Deduction fails on parameter, works on return value

Question

I tried to use std::enable_if on a function parameter to trigger SFINAE. Compilation fails with this error:

type_nonsense.cpp:20:5: error: no matching function for call to 'c'
    c(SOME::VALUE);
    ^
type_nonsense.cpp:13:6: note: candidate template ignored: couldn't infer
      template argument 'T'
void c(typename std::enable_if<std::is_enum<T>::value, T>::type t) {}
     ^
1 error generated.

Moving the std::enable_if to either the return type or to a dummy template parameter works fine.

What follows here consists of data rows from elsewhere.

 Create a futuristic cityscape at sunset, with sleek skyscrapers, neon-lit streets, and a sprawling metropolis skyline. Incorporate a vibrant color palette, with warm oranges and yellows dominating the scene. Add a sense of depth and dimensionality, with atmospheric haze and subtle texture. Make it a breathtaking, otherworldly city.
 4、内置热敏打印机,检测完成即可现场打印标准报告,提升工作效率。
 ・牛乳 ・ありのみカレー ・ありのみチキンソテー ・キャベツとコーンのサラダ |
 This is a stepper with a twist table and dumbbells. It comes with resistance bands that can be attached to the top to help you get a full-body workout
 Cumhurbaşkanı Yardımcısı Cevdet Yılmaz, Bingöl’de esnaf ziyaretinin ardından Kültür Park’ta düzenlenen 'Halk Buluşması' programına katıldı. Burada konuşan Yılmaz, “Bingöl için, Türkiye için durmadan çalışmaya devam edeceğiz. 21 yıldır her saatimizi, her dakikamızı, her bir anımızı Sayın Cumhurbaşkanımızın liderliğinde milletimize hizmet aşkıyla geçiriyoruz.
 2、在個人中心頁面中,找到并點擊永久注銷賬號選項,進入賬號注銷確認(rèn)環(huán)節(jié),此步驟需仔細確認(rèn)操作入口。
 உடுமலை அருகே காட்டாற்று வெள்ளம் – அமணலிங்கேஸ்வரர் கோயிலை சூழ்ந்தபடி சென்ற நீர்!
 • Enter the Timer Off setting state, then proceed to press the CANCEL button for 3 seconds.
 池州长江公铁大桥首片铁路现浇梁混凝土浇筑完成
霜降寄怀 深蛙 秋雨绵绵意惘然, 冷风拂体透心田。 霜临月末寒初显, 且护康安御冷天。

Why?

---

#include <type_traits>

// Works
template <typename T, typename dummy = typename std::enable_if<std::is_enum<T>::value, T>::type>
void a(T t) {}

// Works
template <typename T>
typename std::enable_if<std::is_enum<T>::value, void>::type b(T t) {}

// Fails to compile
template <typename T>
void c(typename std::enable_if<std::is_enum<T>::value, T>::type t) {}

enum class SOME { VALUE };

int main() {
    a(SOME::VALUE);
    b(SOME::VALUE);
    c(SOME::VALUE);
}

Answer 1

A dependent type in a nested name specifier is a non-deduced context for template argument deduction, and as such cannot be used to determine the type of T. Placing the std::enable_if in either the return type or as a default template parameter works because the type of T isn't being deduced in those contexts.

If you need to place it as a parameter, you can do so like this:

template <typename T>
void c(T t, typename std::enable_if<std::is_enum<T>::value>::type* = nullptr) {}

This works because T is being deduced by the first argument, not the second.

Answer 2

For the one which fails to compile, T is not deductible.